Quick note: it is not necessary to use the same kind of server for the master and for the slave. For instance, you could use a normal database for the master, and a caching system (such as memcache) for the slaves. This way, you get the optimization benefits of a database for concurrent modification handling (in mutators) and the optimization benefits of a cache system for read handling (in accessors).

Then, there’s the question of delegating write access. Sometimes, it’s easy: if the data you need is made of large independent blocks, such that the time of finding them is smaller than the time of altering them (for instance, YouTube videos) you can dispatch them to several servers and use a single (possibly distributed) directory to find them. Or, if you have several largely independent sets of data (such as independent forums, or the “Posted Items” and “Profile Information” on Facebook) that never need to be modified or queried together, you can dispatch them to several servers. Or, again, if you have a simple way of splitting entities based on their properties (for instance, based on whether the identifier is even or odd) you can route your modification requests based on that property.

Doing It

Accessor/Mutator separation : the most fundamental analysis that has to be done is to determine which requests are mutators, and which are accessors. Typical web sites run many more accessors than they run mutators. If you have a static analysis tool that can determine whether a certain code path or controller ever performs a modification, you’re lucky. Otherwise, you can either write your code to handle this at some granularity level, such as functions (my personal convention is to prefix all mutator functions by “do”, for instance doLogin($username,$password) might change the database), modules or URLs (a classic way of doing this is to login as a different database user when inside an accessor URL, one without the rights to perform modification queries); or you can rely on empirical analysis by logging all queries performed by every URL access over a certain period of time. If a certain URL visit frequently results in a mutator query (or has recently done so), then run it as a mutator, and otherwise run it as an accessor (in the odd case where an URL runs as an accessor but attempts a mutator query, re-run it from the very beginning as a mutator).
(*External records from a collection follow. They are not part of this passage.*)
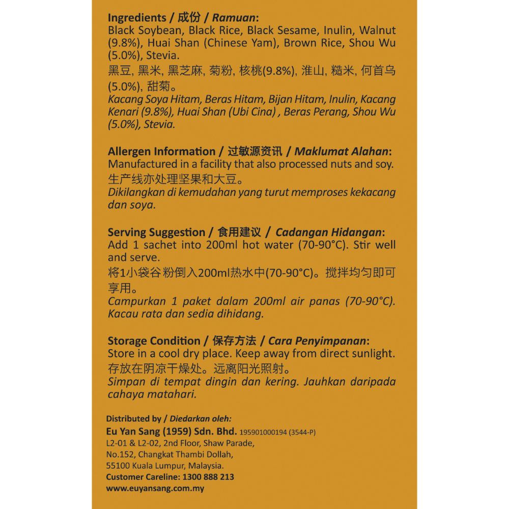 Black Soybean, Black rice, Black sesame, Inulin, Walnut (9.8%), Huai Shan (Chinese yam), Brown rice, Shou Wu (5.0%), Stevia.
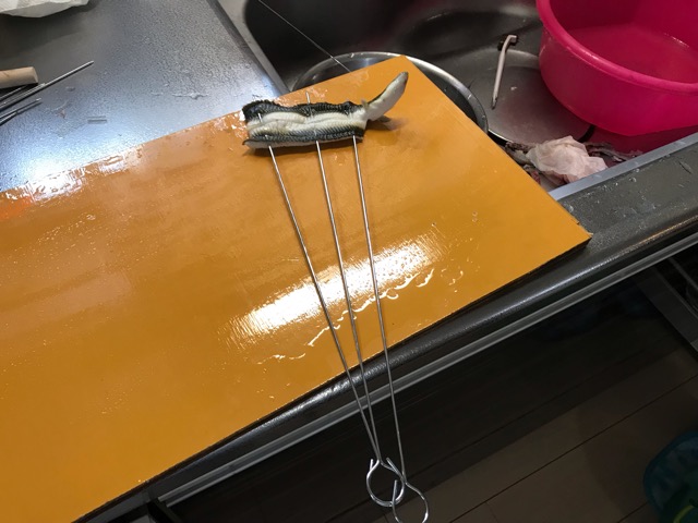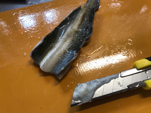 開き終わったら内蔵を取り腹骨をカッターでシゴきます。
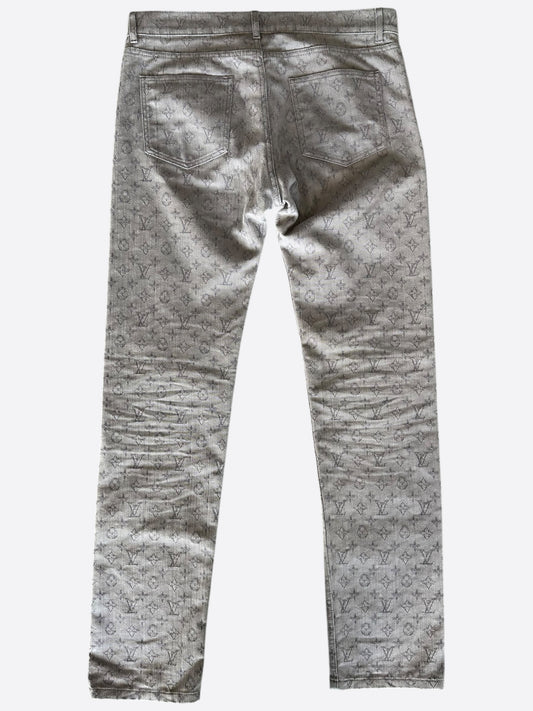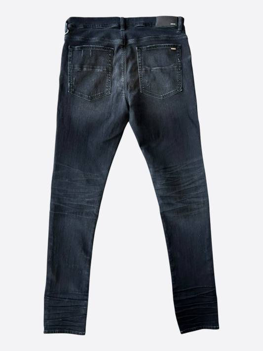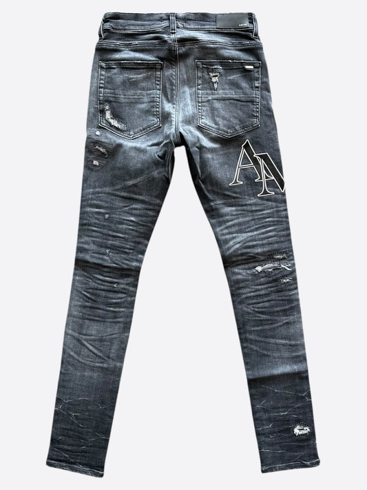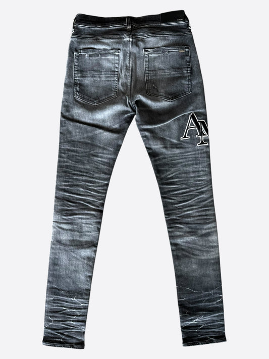 Amiri Storm Grey Distressed Staggered Logo Jeans
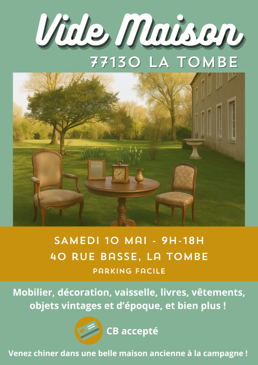 Vide-grenier, La Tombe Vide maison à La Tombe Le 10 mai 2025 ! 10 Mai 2025 Time: 09h - 18h La Tombe Commune de La Tombe Localiser Choice of plan Précédent Retour à la liste Suivant

Immediate/Delayed separation : the next step is to determine how soon a certain modification should be visible to readers. The user is less capricious than the code: a mutator has to see the current state of the application in order to work correctly, but users can usually handle a state that is a few seconds or minutes old without problems. This allows the master server to delay the propagation of some changes for a short while, which can be pretty handy if it’s under a heavy load. These changes will still be available to other mutators, of course, but the readers will see an older version. Some modifications, however, have to become visible instantly: changing one’s password, for instance, should enter into effect immediately, while indexing a new item within a search engine may take a little bit longer to happen before the user notices. The benefits of a query-based cache, such as MemCache, are obvious here: instead of pushing the data from the master server to the slave server, you can have the web server itself invalidate elements of the cache related to the newly updated piece of data without adding any load to the master server unless the data is actually accessed (or the web server could fill the cache with the appropriate value).

Transaction separation : when a certain process has to perform writes, not all reads that occur before those writes have to be part of a transaction. For instance, if visiting a page updates a “this user is currently visiting…” field in the table, then that update is independent of any reads that happen when serving that request (so, for instance, it would make no sense to read the visited page from anything but a slave server or cache). A typical means of separating transactions is to wrap them in functions that perform all transaction-related work by themselves, either as procedures stored on the database or as normal functions in the host language.

Memoization Trees

A given web page (or any HTTP response, for that matter) is composed of three distinct yet interleaved sets of data:

  • Constant data (views, internationalization libraries), which only changes during major events such as software updates.
  • Program state data (databases, filesystem), which changes when the software alters it.
  • External data (RSS feeds, FTP, the current time), which can and will change randomly.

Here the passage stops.